_WHAT YOU WILL DO_
Look in the data below for the line that has "Warung Wakaka Menu", then print exactly every line from there through the line that has "The 10k Gold", leaving pictures out.

_AVAILABLE RECORDS_
⟨

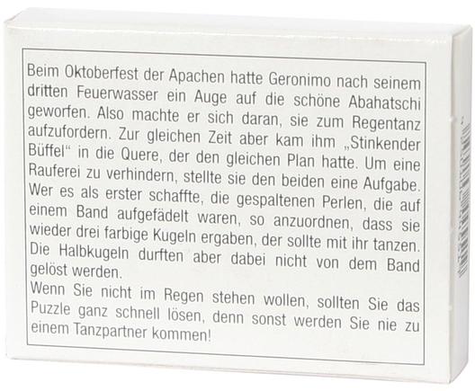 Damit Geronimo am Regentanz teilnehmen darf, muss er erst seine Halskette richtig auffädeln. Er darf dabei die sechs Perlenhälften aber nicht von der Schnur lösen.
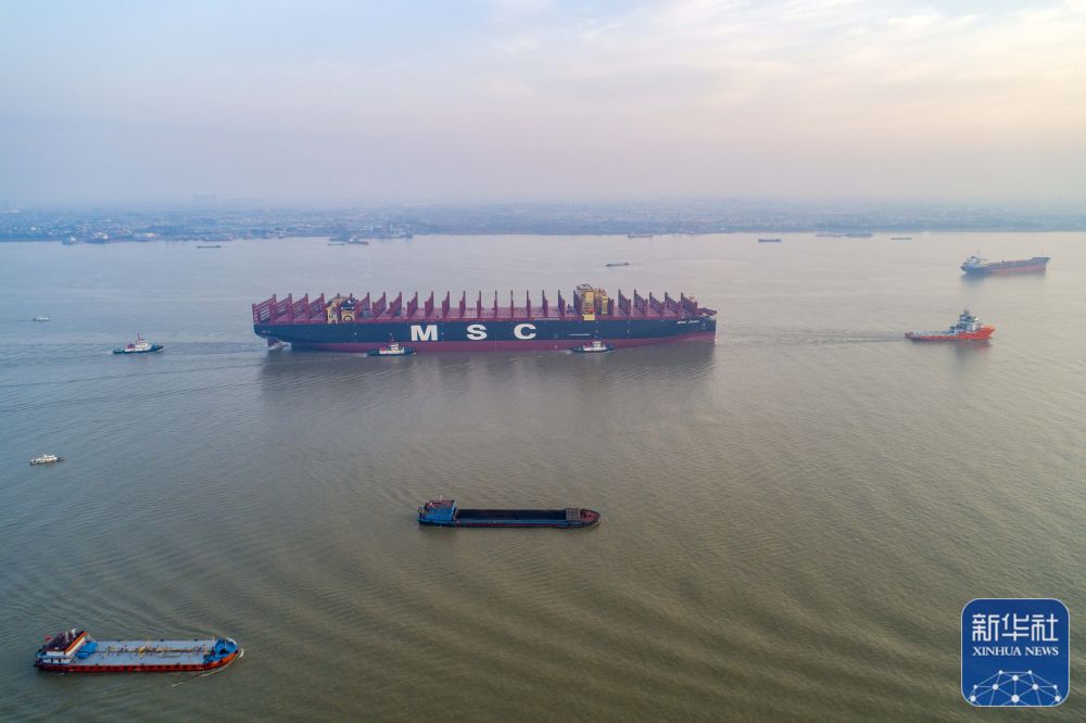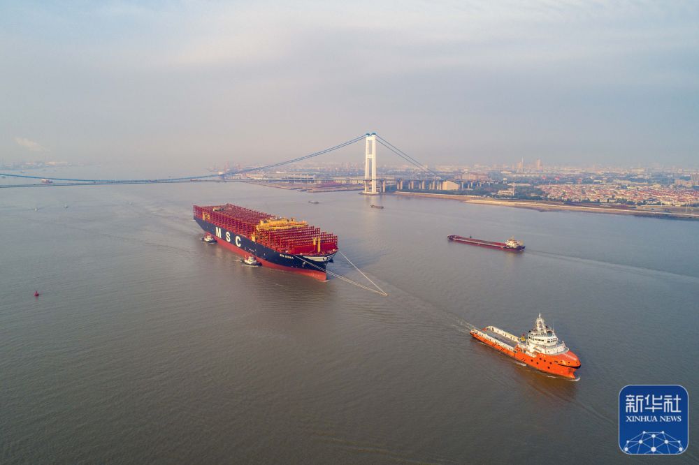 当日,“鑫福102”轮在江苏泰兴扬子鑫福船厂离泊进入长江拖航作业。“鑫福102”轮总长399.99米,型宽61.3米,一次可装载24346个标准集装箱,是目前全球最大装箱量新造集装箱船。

⟩
⟨

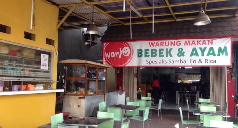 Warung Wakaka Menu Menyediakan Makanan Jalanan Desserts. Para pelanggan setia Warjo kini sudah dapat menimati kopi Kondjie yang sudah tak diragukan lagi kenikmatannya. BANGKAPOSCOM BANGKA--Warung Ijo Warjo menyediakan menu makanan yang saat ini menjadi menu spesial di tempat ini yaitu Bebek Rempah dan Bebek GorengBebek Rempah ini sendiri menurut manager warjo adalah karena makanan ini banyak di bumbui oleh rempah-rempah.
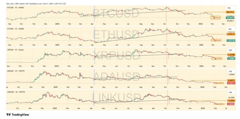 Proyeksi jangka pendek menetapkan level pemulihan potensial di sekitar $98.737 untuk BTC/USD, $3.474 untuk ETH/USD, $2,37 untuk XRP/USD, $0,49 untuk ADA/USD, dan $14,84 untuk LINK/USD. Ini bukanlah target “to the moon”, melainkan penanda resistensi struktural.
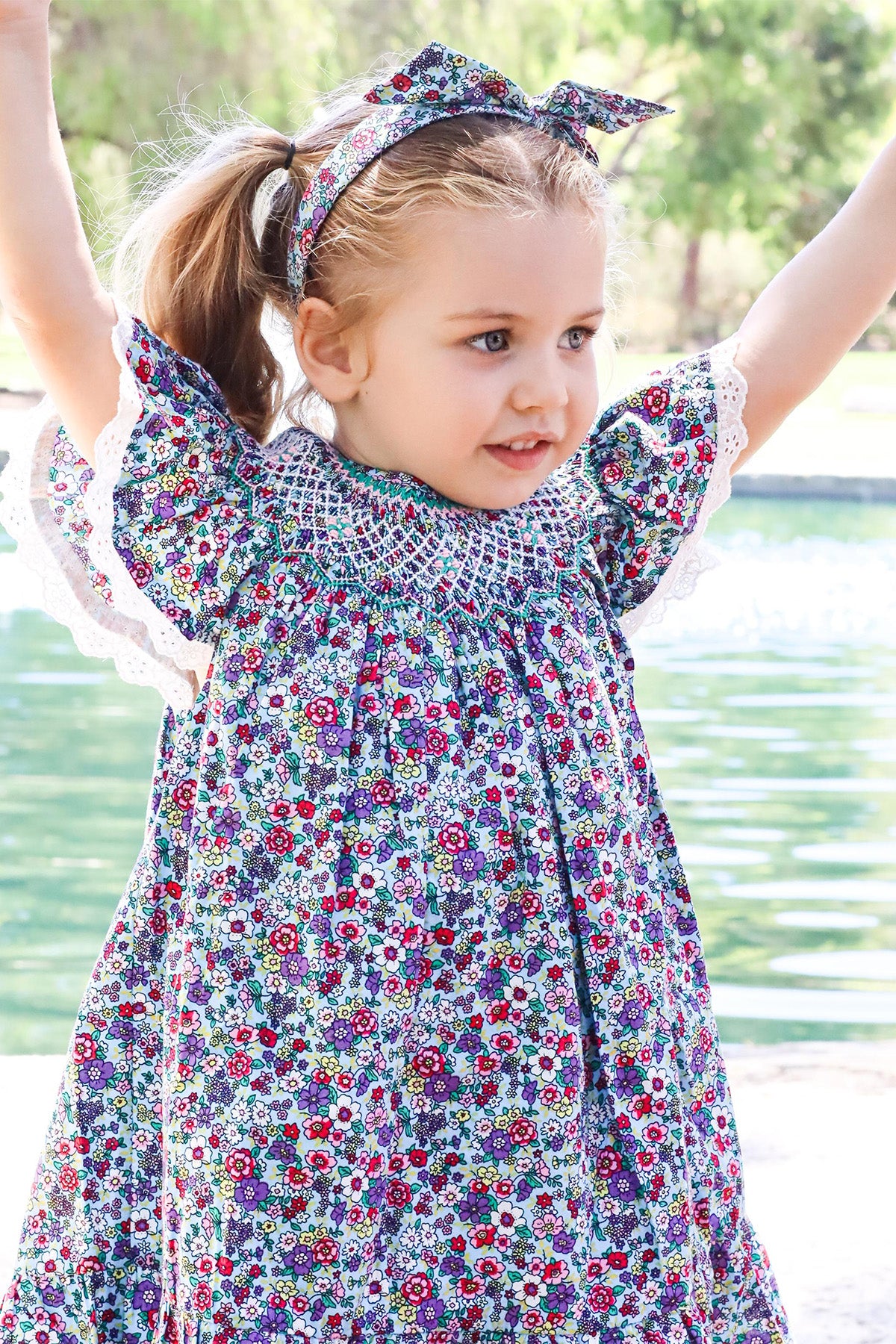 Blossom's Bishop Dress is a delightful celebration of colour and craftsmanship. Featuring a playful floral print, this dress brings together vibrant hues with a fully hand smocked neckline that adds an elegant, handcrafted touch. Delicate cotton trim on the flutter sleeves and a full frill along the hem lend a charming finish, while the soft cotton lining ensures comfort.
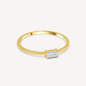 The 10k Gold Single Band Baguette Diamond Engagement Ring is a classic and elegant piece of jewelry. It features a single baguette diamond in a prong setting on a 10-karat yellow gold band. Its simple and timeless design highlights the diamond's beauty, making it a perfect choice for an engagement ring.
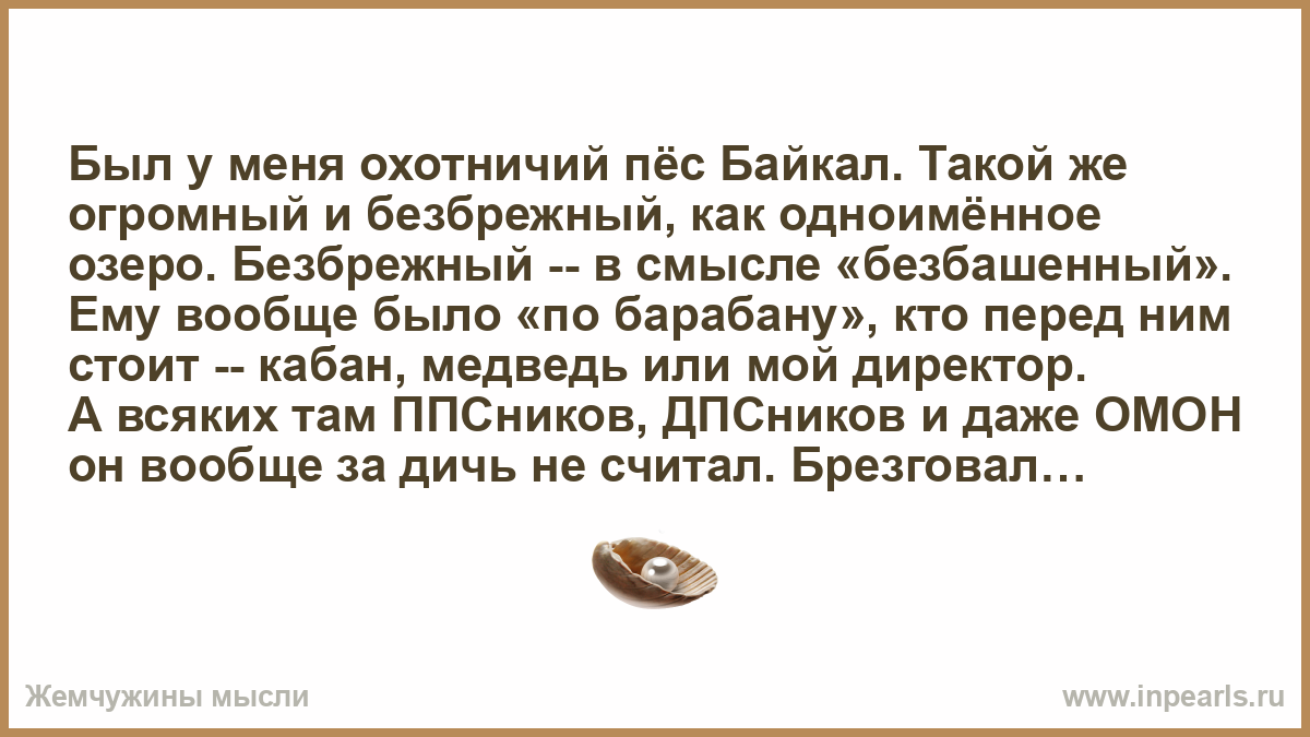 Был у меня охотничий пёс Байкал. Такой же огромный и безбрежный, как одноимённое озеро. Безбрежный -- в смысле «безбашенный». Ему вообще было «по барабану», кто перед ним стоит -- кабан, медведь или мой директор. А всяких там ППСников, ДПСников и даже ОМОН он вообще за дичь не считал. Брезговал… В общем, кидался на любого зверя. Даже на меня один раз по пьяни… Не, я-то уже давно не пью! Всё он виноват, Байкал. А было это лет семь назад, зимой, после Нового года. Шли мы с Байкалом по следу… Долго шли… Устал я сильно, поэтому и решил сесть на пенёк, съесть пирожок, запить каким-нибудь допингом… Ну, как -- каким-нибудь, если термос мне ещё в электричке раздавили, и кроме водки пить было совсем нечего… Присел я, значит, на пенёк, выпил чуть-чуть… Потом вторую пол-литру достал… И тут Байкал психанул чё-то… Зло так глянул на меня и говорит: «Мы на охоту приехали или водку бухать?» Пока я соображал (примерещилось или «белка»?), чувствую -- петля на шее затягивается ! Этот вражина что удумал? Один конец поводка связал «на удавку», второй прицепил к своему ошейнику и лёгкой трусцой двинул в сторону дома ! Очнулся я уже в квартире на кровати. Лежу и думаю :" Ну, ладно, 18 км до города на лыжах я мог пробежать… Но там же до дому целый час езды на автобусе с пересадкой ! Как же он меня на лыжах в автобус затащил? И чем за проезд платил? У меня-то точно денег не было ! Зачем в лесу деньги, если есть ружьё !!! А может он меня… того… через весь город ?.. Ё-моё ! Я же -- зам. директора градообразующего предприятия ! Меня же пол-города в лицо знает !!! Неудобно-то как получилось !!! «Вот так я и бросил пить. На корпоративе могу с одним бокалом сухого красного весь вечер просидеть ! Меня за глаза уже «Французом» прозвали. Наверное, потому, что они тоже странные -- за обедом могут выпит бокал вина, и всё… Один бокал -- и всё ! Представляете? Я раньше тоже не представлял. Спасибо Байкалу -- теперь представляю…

⟩
⟨

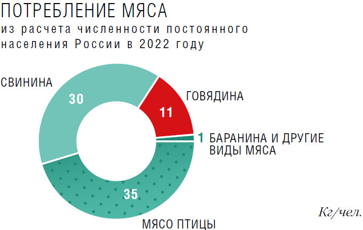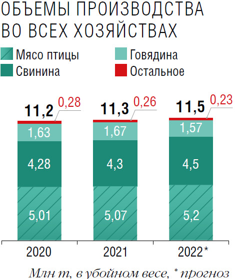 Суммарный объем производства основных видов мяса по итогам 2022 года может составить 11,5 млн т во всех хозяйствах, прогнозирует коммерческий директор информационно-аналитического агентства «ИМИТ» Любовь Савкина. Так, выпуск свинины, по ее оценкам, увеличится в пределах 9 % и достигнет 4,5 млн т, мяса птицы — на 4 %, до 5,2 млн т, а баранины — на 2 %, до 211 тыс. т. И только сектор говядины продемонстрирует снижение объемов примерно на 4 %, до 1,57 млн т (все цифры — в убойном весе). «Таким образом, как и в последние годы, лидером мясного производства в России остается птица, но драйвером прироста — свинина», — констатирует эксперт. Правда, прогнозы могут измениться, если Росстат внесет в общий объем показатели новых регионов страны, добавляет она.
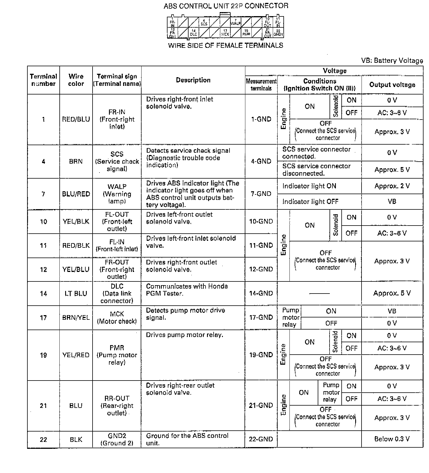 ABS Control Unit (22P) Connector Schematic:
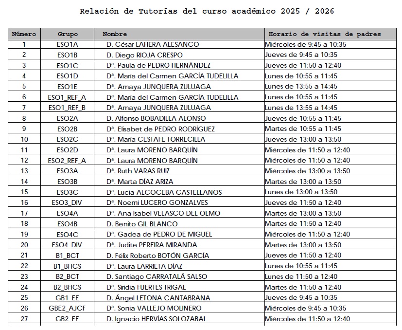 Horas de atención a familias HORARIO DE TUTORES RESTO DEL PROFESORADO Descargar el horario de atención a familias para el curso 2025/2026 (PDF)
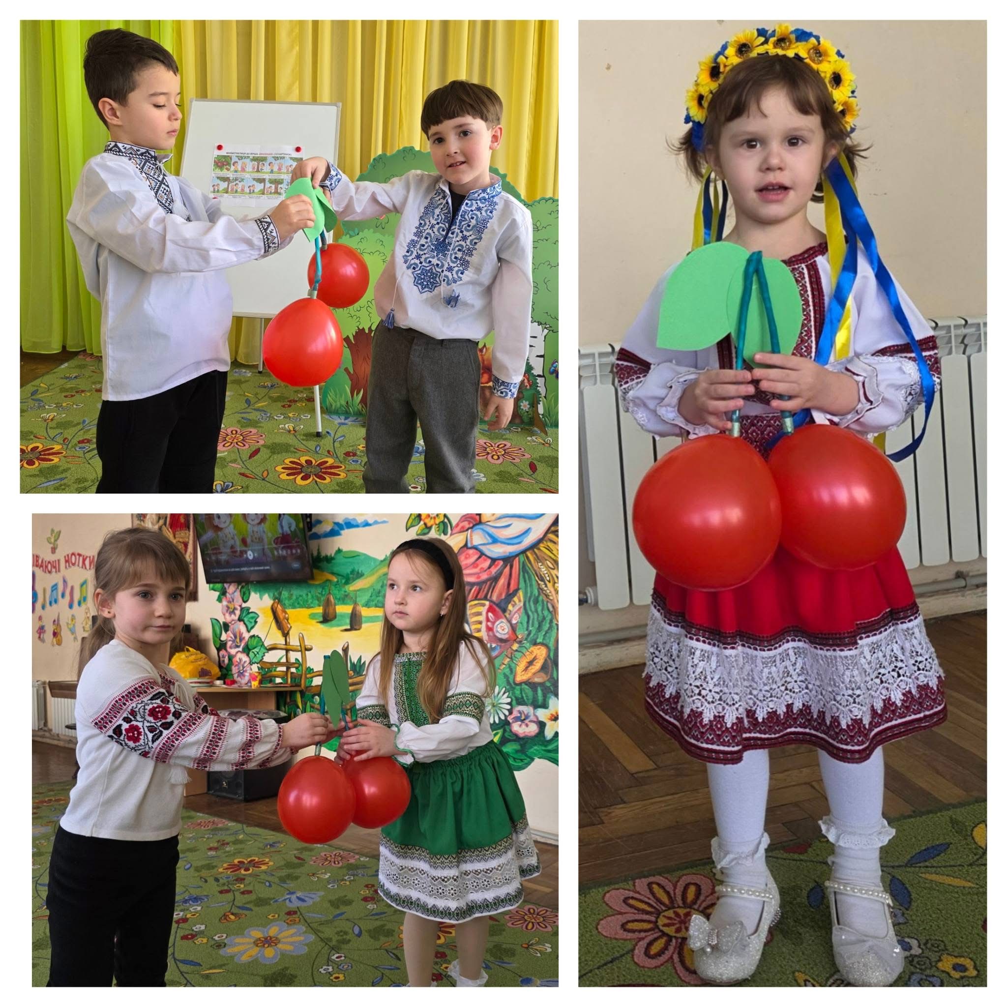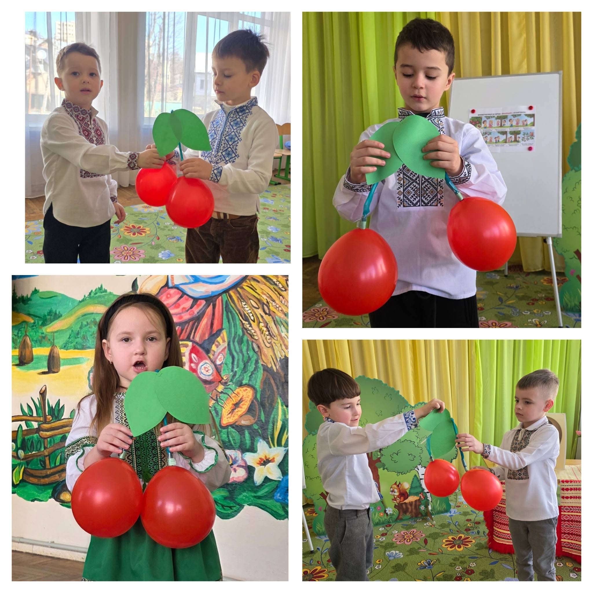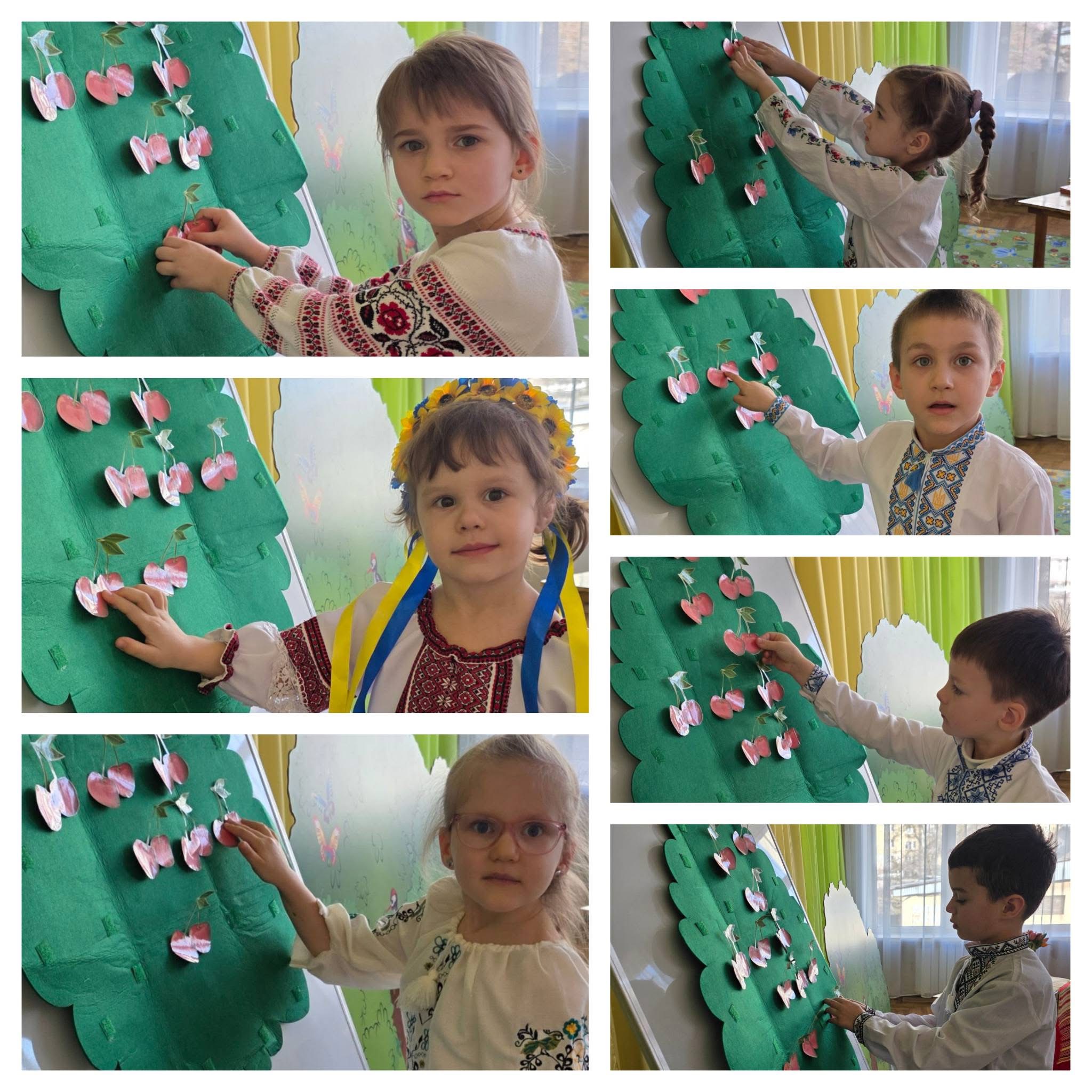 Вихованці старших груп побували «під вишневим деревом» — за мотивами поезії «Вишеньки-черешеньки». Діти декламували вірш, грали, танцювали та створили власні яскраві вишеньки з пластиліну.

⟩

_TASK ANSWER_
 Warung Wakaka Menu Menyediakan Makanan Jalanan Desserts. Para pelanggan setia Warjo kini sudah dapat menimati kopi Kondjie yang sudah tak diragukan lagi kenikmatannya. BANGKAPOSCOM BANGKA--Warung Ijo Warjo menyediakan menu makanan yang saat ini menjadi menu spesial di tempat ini yaitu Bebek Rempah dan Bebek GorengBebek Rempah ini sendiri menurut manager warjo adalah karena makanan ini banyak di bumbui oleh rempah-rempah.
 Proyeksi jangka pendek menetapkan level pemulihan potensial di sekitar $98.737 untuk BTC/USD, $3.474 untuk ETH/USD, $2,37 untuk XRP/USD, $0,49 untuk ADA/USD, dan $14,84 untuk LINK/USD. Ini bukanlah target “to the moon”, melainkan penanda resistensi struktural.
 Blossom's Bishop Dress is a delightful celebration of colour and craftsmanship. Featuring a playful floral print, this dress brings together vibrant hues with a fully hand smocked neckline that adds an elegant, handcrafted touch. Delicate cotton trim on the flutter sleeves and a full frill along the hem lend a charming finish, while the soft cotton lining ensures comfort.
 The 10k Gold Single Band Baguette Diamond Engagement Ring is a classic and elegant piece of jewelry. It features a single baguette diamond in a prong setting on a 10-karat yellow gold band. Its simple and timeless design highlights the diamond's beauty, making it a perfect choice for an engagement ring.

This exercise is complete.